Charles Cahier (26 February 1807 – 26 February 1882) was a French antiquarian, born Paris on February 26, 1807. He made his preparatory studies at the College of Saint-Acheul, and entered the Society of Jesus (the Jesuits) on September 7, 1824.
For some years he taught successively in its colleges at Paris, Brig in the Swiss canton of Valais, at Turin, and at Brugalette in Belgium. The greater part of his life, however, was devoted to the collection, classification, and interpretation of the countless treasures of medieval art surviving in France, Belgium, Germany, and elsewhere in Europe. They interested him not only as relics of its artistic skill, but chiefly as evidences of its Catholic faith.
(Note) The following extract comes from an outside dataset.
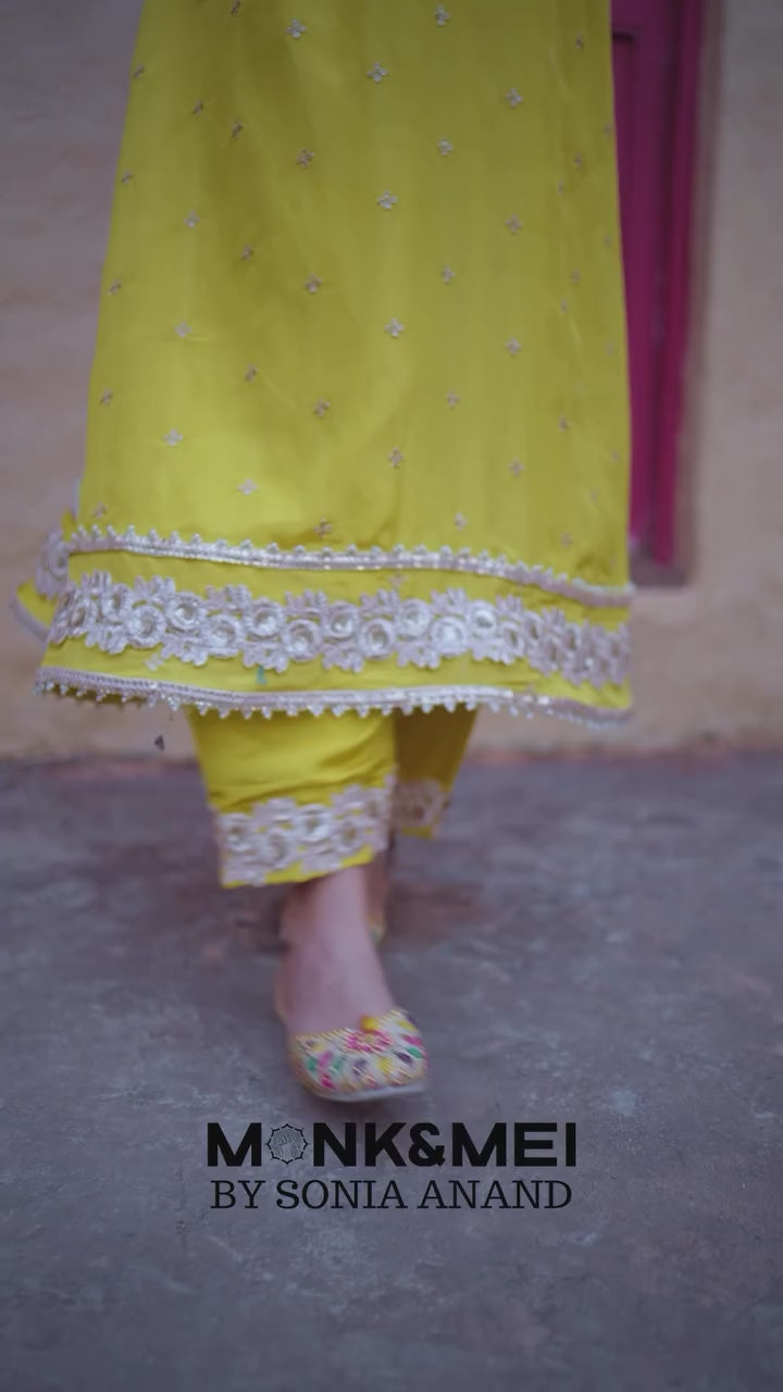 Choga-style kurta in soft Banarasi tissue, featuring a Deep scoop pointed U shaped neckline and relaxed kimono sleeves. Delicate buttie work and subtle side slits add ease, charm, and graceful movement. Paired with a classic salwar that keeps the silhouette traditional yet effortless. A dreamy, regal set perfect for intimate festivities and slow, magical evenings.

As early as 1840 he began his collaboration with his Jesuit confrére, Father Arthur Martin, an excellent draughtsman, and chief collector of the mass of artistic material that Father Cahier classified and interpreted. Their first important work was a folio on the 13th century stained glass of the cathedral of Bourges, Monographie de la cathédrale de Bourges, première partie. Vitraux du XIIIe siècle (Paris, 1841–44); the substance of it is in Migne. Their most characteristic work is found in the valuable Mélanges d'archéologie, d'histoire, et de littérature etc. (Paris, 1848–59), four quarto volumes of illustrated dissertations on gold and silver church-plate, enamelled ware, carved ivories, tapestries, bas-reliefs, and paintings belonging to the Carolingian and Romanesque periods (9th to 12th century).
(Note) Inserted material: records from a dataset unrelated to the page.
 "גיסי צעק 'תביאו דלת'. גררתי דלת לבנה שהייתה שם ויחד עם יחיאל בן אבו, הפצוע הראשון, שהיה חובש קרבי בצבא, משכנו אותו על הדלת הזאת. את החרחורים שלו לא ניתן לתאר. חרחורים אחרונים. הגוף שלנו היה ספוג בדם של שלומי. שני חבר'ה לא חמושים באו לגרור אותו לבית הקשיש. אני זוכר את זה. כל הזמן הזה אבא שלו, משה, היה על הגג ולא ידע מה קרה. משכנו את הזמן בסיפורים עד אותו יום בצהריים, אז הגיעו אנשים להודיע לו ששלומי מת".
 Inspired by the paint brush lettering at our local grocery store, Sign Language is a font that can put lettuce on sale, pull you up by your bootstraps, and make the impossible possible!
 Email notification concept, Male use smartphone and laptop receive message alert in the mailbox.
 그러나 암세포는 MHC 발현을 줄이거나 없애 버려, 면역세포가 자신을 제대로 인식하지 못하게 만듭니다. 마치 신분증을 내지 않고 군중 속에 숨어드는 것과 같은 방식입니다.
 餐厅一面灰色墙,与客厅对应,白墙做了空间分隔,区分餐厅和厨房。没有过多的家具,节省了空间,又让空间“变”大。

This contribution to the history of medieval art was followed later by four more volumes: Nouveaux mélanges d'archéologie, d'histoire, et de littérature sur le moyen-âge etc. (Paris, 1874–77), in the first volume of which is to be found a memoir of Father Martin by his collaborator. In the meantime Father Cahier had published a monograph in two folio volumes on the saints as grasped by the popular imagination, Caractéristiques des saints dans l'art populaire (Paris, 1867). In spite of his numerous digressions and parentheses, says Father Brucker, and a somewhat neglected style, Father Cahier is never wearisome; a vein of kindly but caustic humor runs through his pages, in which about pungent words and phrases, dictated, however, by candour and the love of truth. He was deeply versed in all kinds of curious medieval lore, and particularly in the "people's calendar" or every-day usages and customs connected with the liturgical life of the Church. He also wrote studies on Christmas and on Epiphany in Amide la religion (Paris, 1848–1849), and in his Calendrier populaire du temps passé in Revue de l'art chrétien (Paris, 1878).
He died at Paris on February 26, 1882.